Instructions to follow: Transcribe the listing below verbatim, omitting pictures.

Supplied information:
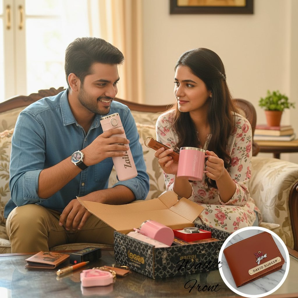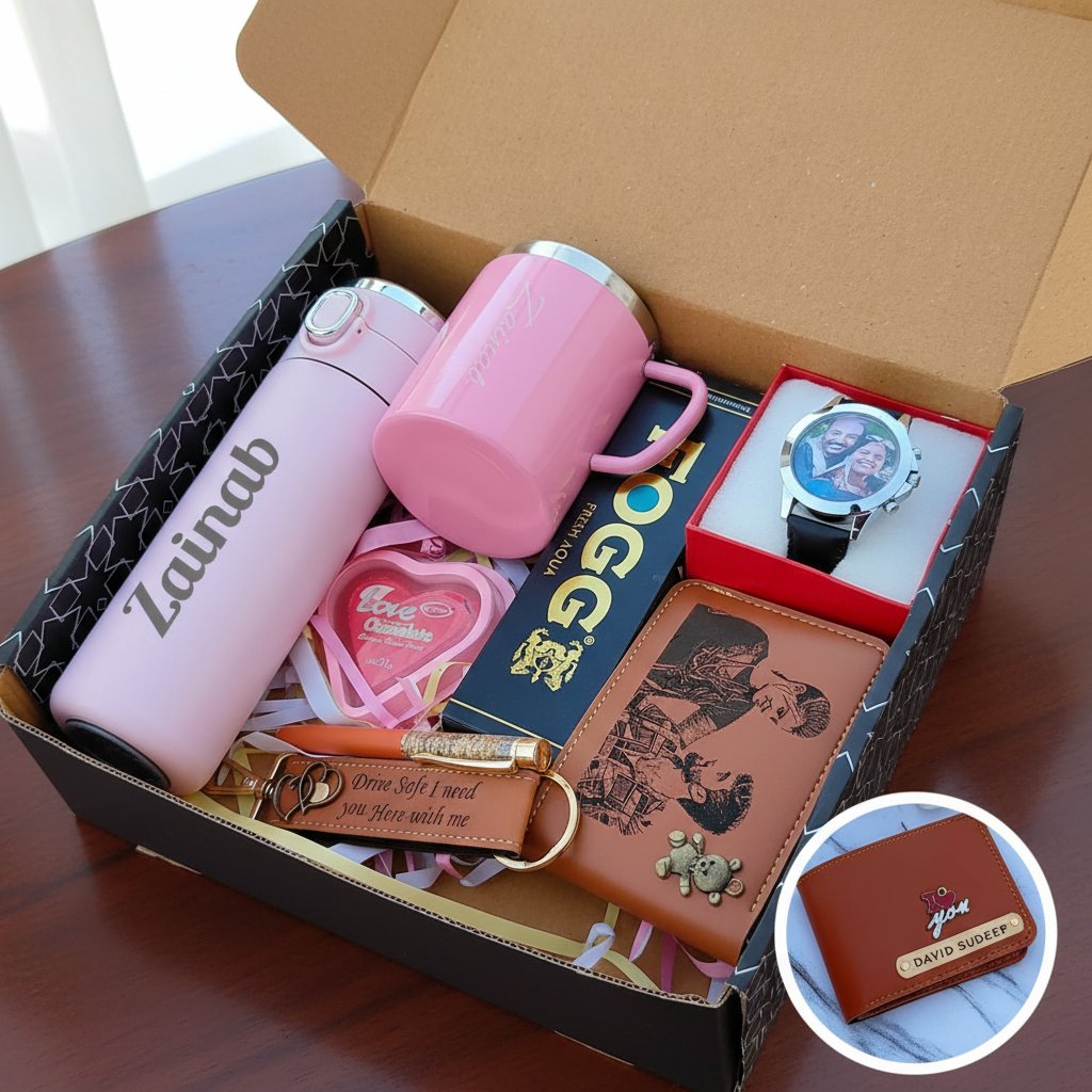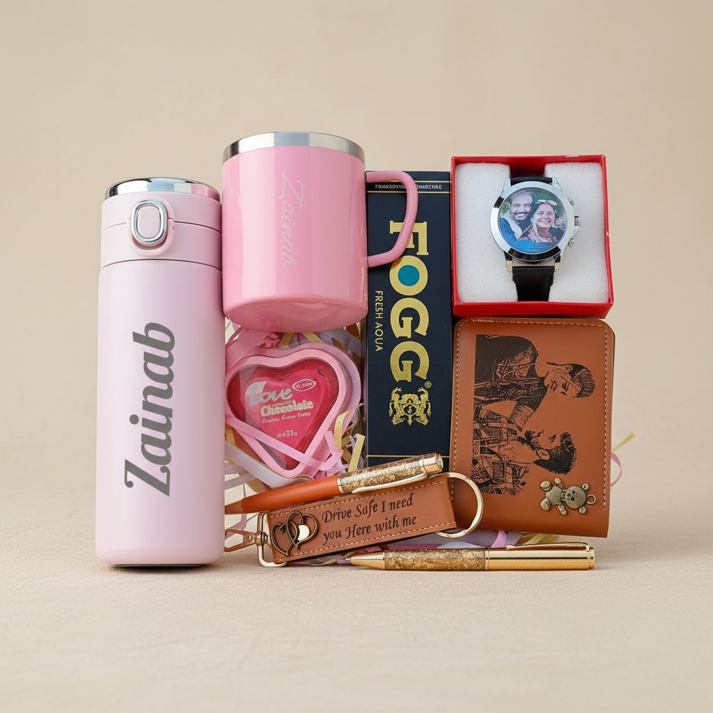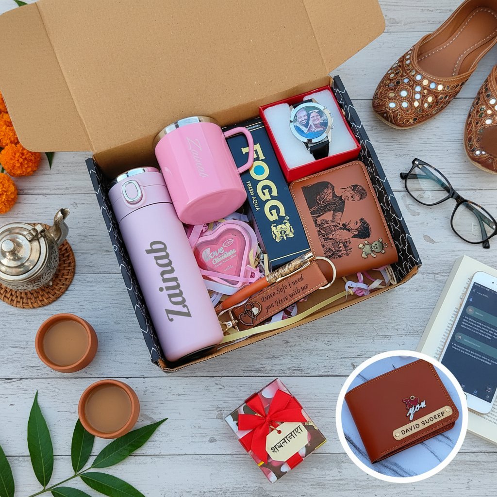 The hamper includes a temperature bottle, a matching color steel mug (250 ml), heart chocolate, an engraved leather key, a gold flake pen, Fogg deo, a customized photo watch, and a dual-side sketch wallet with name, charm, and photo customization.
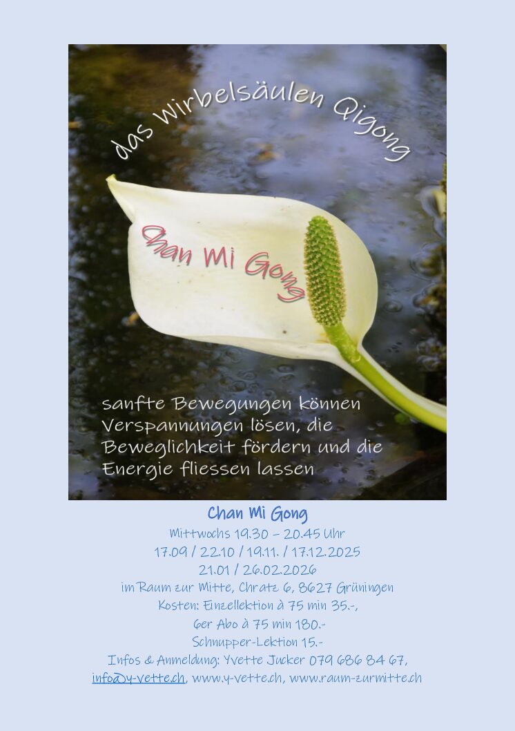 Chan Mi Gong ist eine besondere Schule des Qi Gong. Sie basiert auf sehr alten Übungspraktiken des Chinesischen Buddhismus. Ein weiches, achtsames Schwingen der Wirbelsäule steht im Zentrum. Die Übungen sind leicht zu lernen und führen schnell zu einer tiefgreifenden Entspannung und Qi-Erfahrung. In den letzten 15 Jahren wurde Chan Mi Gong vor allem durch die einfache und wirkungsvolle Basisübung bekannt. Chan Mi Gong ist ein sanfter Übungsweg, der über die äußere und innere Bewegung zu tiefer Ruhe, Stabilität und wachsender Lebens-Kraft und -Freude führt.
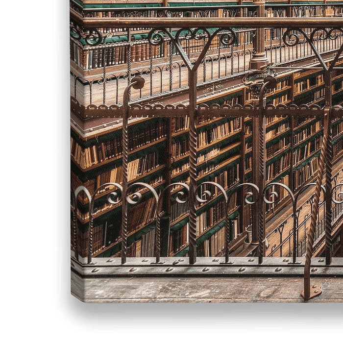 Een ruimte met mooie rustige kleuren waar een symmetrisch lijnenspel de hal met boeken weergeeft in de bibliotheek van het rijksmuseum in Amsterdam Nederland. Een plek wat rust uitstraalt, heel veel boeken wat door het standpunt diepte geeft.

Solution to this exercise:
 The hamper includes a temperature bottle, a matching color steel mug (250 ml), heart chocolate, an engraved leather key, a gold flake pen, Fogg deo, a customized photo watch, and a dual-side sketch wallet with name, charm, and photo customization.
 Chan Mi Gong ist eine besondere Schule des Qi Gong. Sie basiert auf sehr alten Übungspraktiken des Chinesischen Buddhismus. Ein weiches, achtsames Schwingen der Wirbelsäule steht im Zentrum. Die Übungen sind leicht zu lernen und führen schnell zu einer tiefgreifenden Entspannung und Qi-Erfahrung. In den letzten 15 Jahren wurde Chan Mi Gong vor allem durch die einfache und wirkungsvolle Basisübung bekannt. Chan Mi Gong ist ein sanfter Übungsweg, der über die äußere und innere Bewegung zu tiefer Ruhe, Stabilität und wachsender Lebens-Kraft und -Freude führt.
 Een ruimte met mooie rustige kleuren waar een symmetrisch lijnenspel de hal met boeken weergeeft in de bibliotheek van het rijksmuseum in Amsterdam Nederland. Een plek wat rust uitstraalt, heel veel boeken wat door het standpunt diepte geeft.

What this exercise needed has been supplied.